Posted by Tracy Green | Jun 01, 2018

 
There are strict laws and regulations governing physician and other health care provider or company investments in health care business ventures. The government is regulating this area based on the observation that health care providers who invest in health care business ventures with outside parties (e.g., imaging centers, labs, equipment vendors, or physical therapy clinics) refer more patients for the services provided by those parties than physicians who do not invest.
 
Maybe this disproportionate utilization partly reflects the physicians' belief in the value of the services or technology, prompting the investments in the first place. However, there also is a risk that the physicians' belief in the value of the services or technology is less a cause than an effect of the investment interest.
 
The health care providers' disproportionate utilization may be motivated partly by their ability to profit from the use of the ancillary services.

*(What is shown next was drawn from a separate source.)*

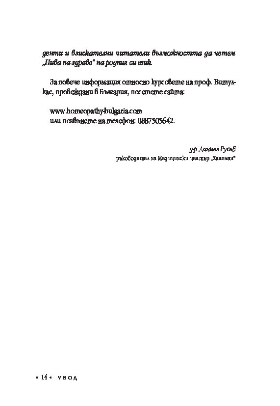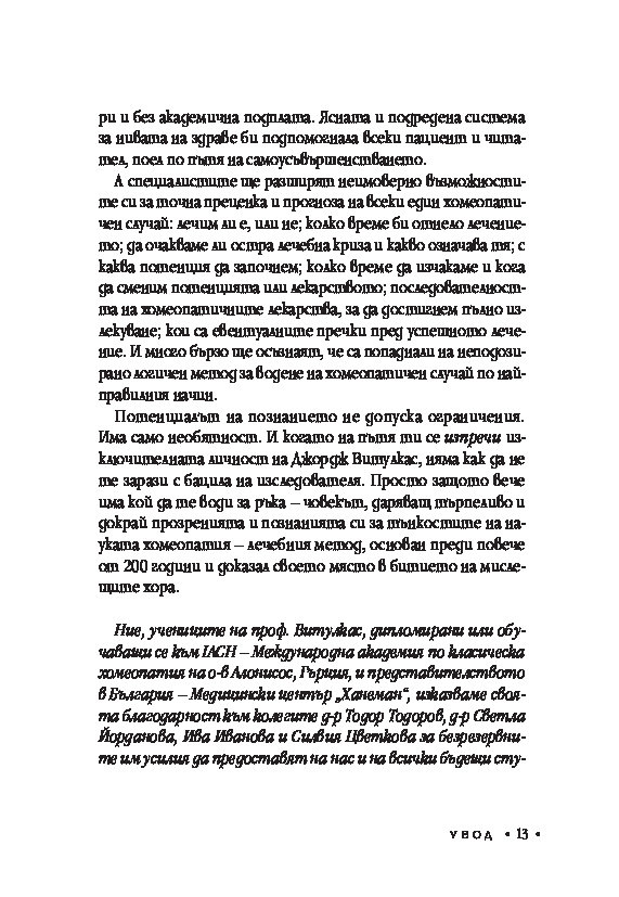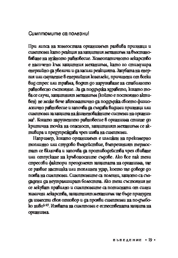 Книгата представя истински новаторска теория, основана на един изключително важен и пренебрегван компонент в хомеопатичното предписване – нивата на здраве, за която всички лекари по хомеопатия могат само да бъдат благодарни.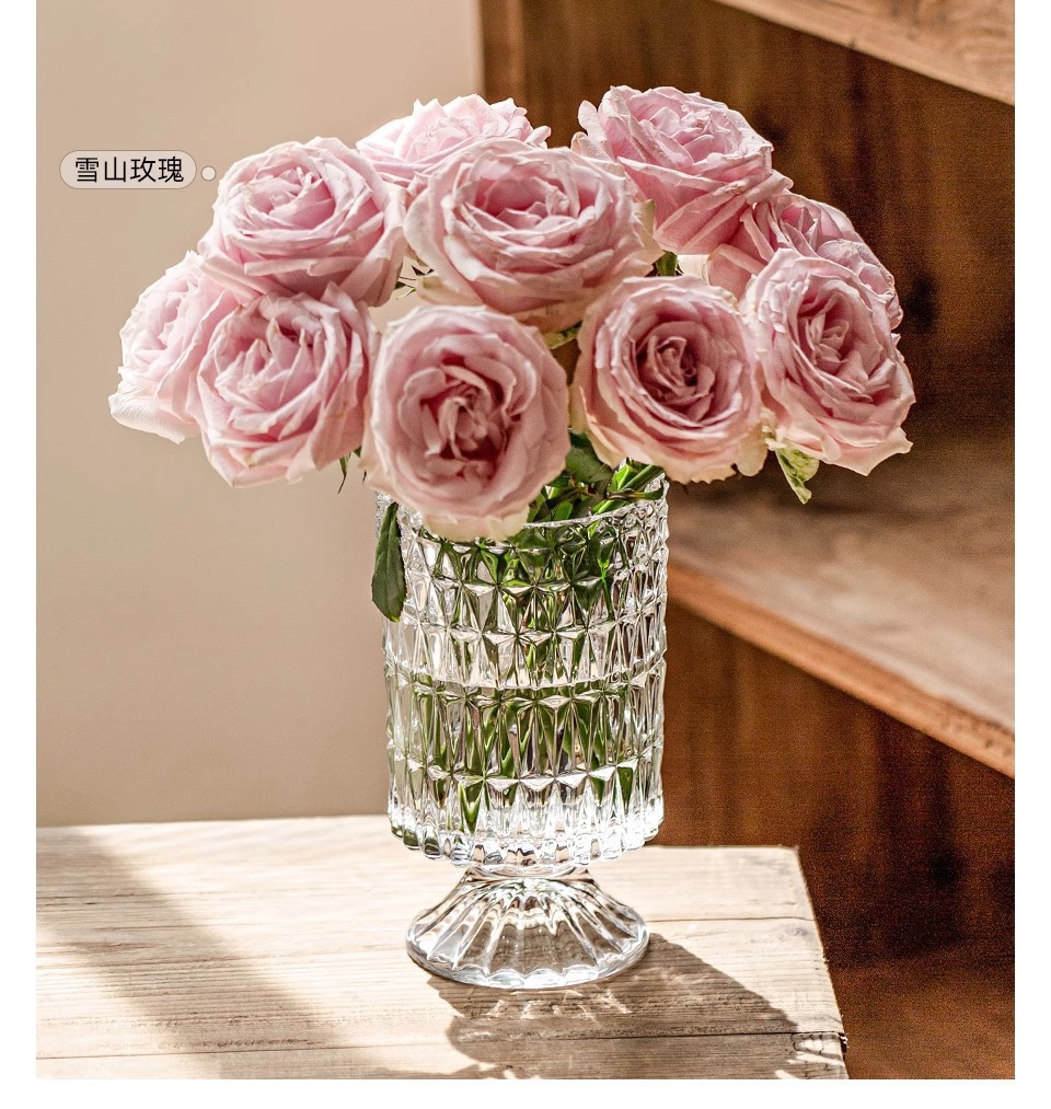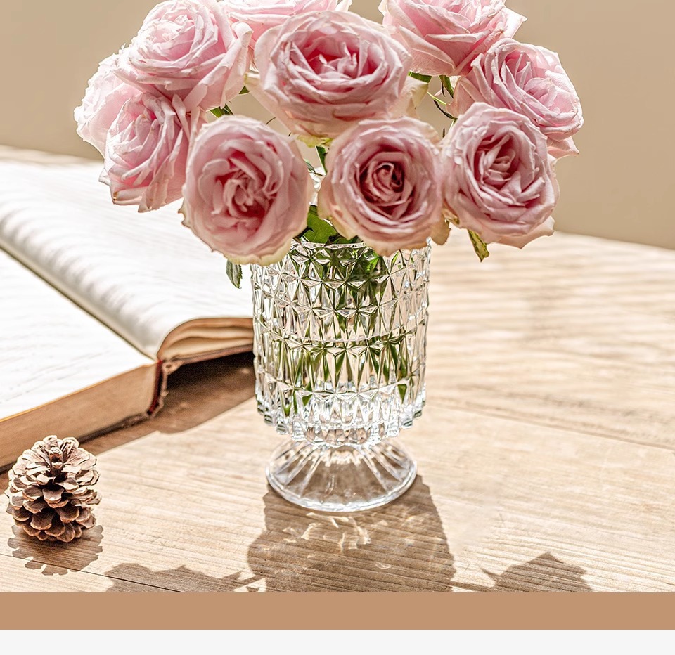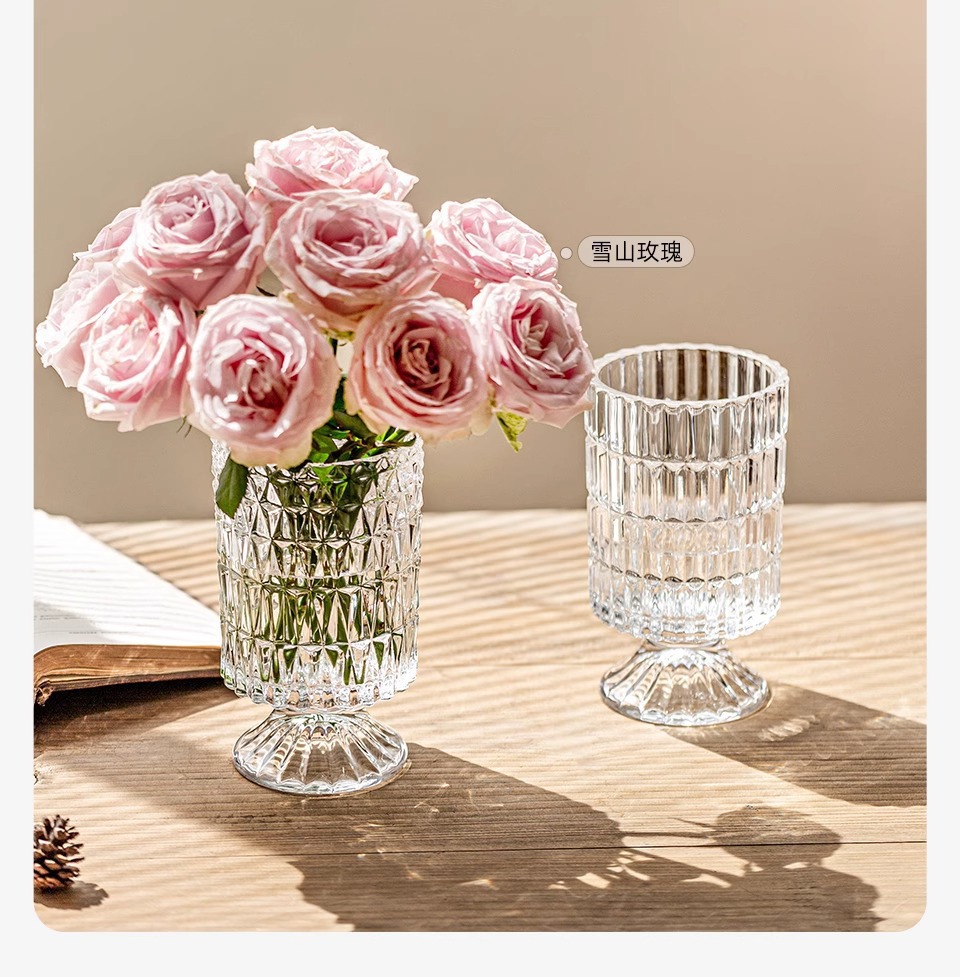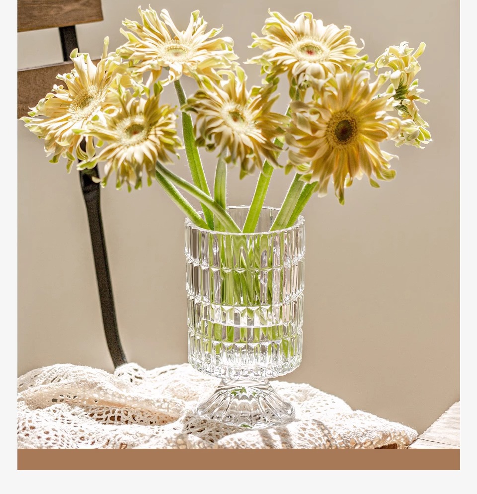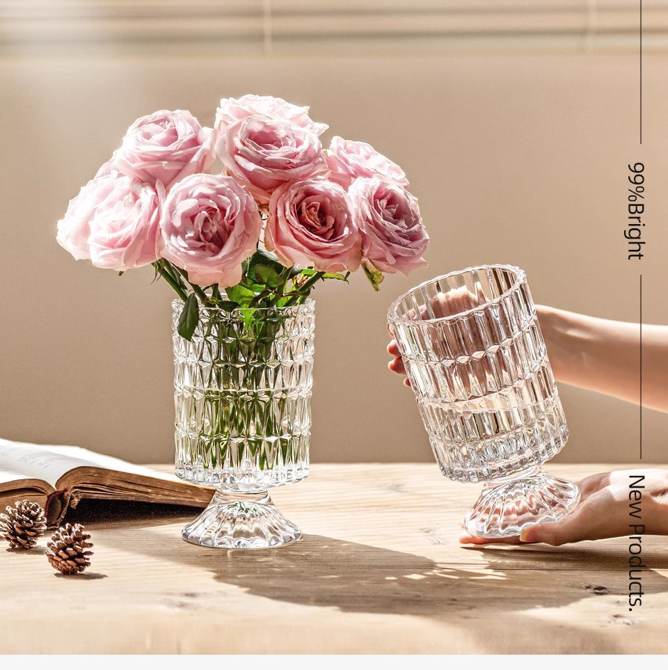 유럽식 투명 패턴 유리 꽃병 높은 발 고급 가정 침실 거실 높은 가치의 수경 장식 장식품스토어 가기

These business relationships can sometimes unduly influence or distort medical decision making and result in the improper steering of a patient to a particular therapy or source of services in which a health care provider has a financial interest.
 
The Government's view is that excessive and medically unnecessary referrals waste Government and beneficiary money and can expose beneficiaries to harm from unnecessary services. Many of these investment relationships have serious legal risks under the AKS (Anti-Kickback Statute) and Stark law. In addition, there are state laws governing workers' compensation and insurance billing.
 
If you are invited to invest in a health care business whose products you might order or to which you might refer your patients, you should ask the following questions.
 
If the answer is “yes” to any of them, you should consider carefully whether you are investing for legitimate reasons.
 
Question: Are you being offered an investment interest for a nominal capital contribution?
 
Question: Will your ownership share be larger than your share of the aggregate capital contributions made to the venture?
 
Question: Is the venture promising you high rates of return for little or no financial risk?
 
Question: Is the venture or any potential business partner offering to loan you the money to make your capital contribution?
 
Question: Are you being asked to promise or guarantee that you will refer patients or order items or services from the venture?
 
Question: Do you believe you will be more likely to refer more patients for the items and services provided by the venture if you make the investment?
 
Question: Do you believe you will be more likely to refer to the venture just because you made the investment?
 
Question: Will the venture have sufficient capital from other sources to fund its ongoing operations?
 
Question: Are there any red flags in that the venture is to be placed in a relative or close friend's name as a "shell?" 
 
 
For more information on physician investments, review the Office of Inspector General pushed materials on these issues to help educate yourself:
 
OIG's Special Fraud Alert entitled “Joint Venture Arrangements” available at
 
OIG's Special Advisory Bulletin on contractual joint ventures available at
 
and
OIG's “Supplemental Compliance Program Guidance for Hospitals”
available at
 
 
This is a starting ground and helps give a general background so the issues can be understood.

About the Author

Tracy Green

Past recipient of the Public Counsel Law Center's "Outstanding Advocate" Award, Tracy Green is a founding partner of Green & Associates. She combines more than 25 years of experience with a strategic...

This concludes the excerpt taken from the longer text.